### INSTRUCTIONS TO FOLLOW
Set down exactly the lines that run from the one containing "Nad fotelem na" to the end of the material below, both included, without pictures.

### DATA SHOWN
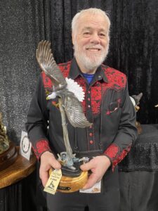 Together Frank & Sue worked the winter of 2022-23 everyday, putting in long hours bringing the life-size bronze eagle entitled “Pursuit” to fruition. Since then the couple decided to do a much smaller rendition. They had a 3-D scan for the foundry to produce the smaller version. Once one was printed, Frank worked it over for the foundry to start the mold process and pour the smaller version which was completed January 2025. Tuuid/Pursuit is done in a 36 edition 21″T x 11″ W x 9”D.
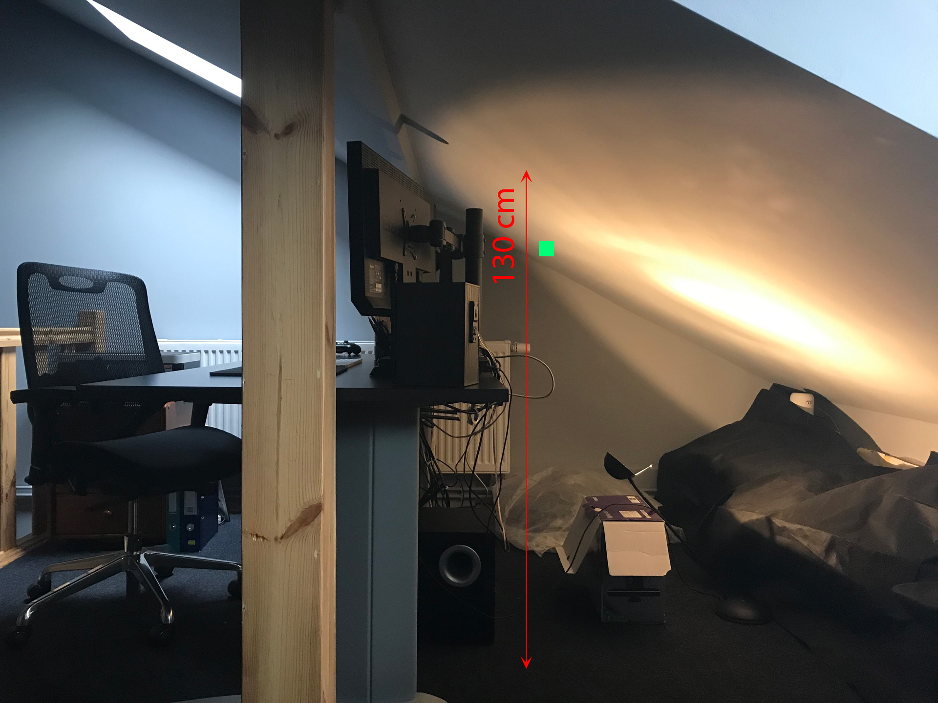 Nad fotelem na wysokości ok 184 cm mam wyjście kabli do oświetlenia. Sam mam 180 cm więc jakbym coś tam zamontował jest duże prawdopodobieństwo że wstając od biurka notorycznie bym walił w to saganem. Odsuwając źródło światła za plecy rzucałbym pewnie cień. Natomiast przysuwając je w stronę monitorów wysokość montażu diametralnie by spadała ze względu na skos i oświetlenie mogło by mi chyba świecić po oczach.
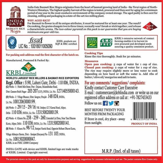 India Gate Basmati rice Mogra originates from the heart of the basmati growing land of India- The Terai region of North-Western Himalaya. The highest quality harvest of the region is tested, procured, and then sent for aging for a minimum period of one year in the most conducive environment of the company-owned storage. The aged paddy is then sent for cleaning, milling, and Packaging in state of an art rice milling plant.

### RESPONSE TO THIS TASK
 Nad fotelem na wysokości ok 184 cm mam wyjście kabli do oświetlenia. Sam mam 180 cm więc jakbym coś tam zamontował jest duże prawdopodobieństwo że wstając od biurka notorycznie bym walił w to saganem. Odsuwając źródło światła za plecy rzucałbym pewnie cień. Natomiast przysuwając je w stronę monitorów wysokość montażu diametralnie by spadała ze względu na skos i oświetlenie mogło by mi chyba świecić po oczach.
 India Gate Basmati rice Mogra originates from the heart of the basmati growing land of India- The Terai region of North-Western Himalaya. The highest quality harvest of the region is tested, procured, and then sent for aging for a minimum period of one year in the most conducive environment of the company-owned storage. The aged paddy is then sent for cleaning, milling, and Packaging in state of an art rice milling plant.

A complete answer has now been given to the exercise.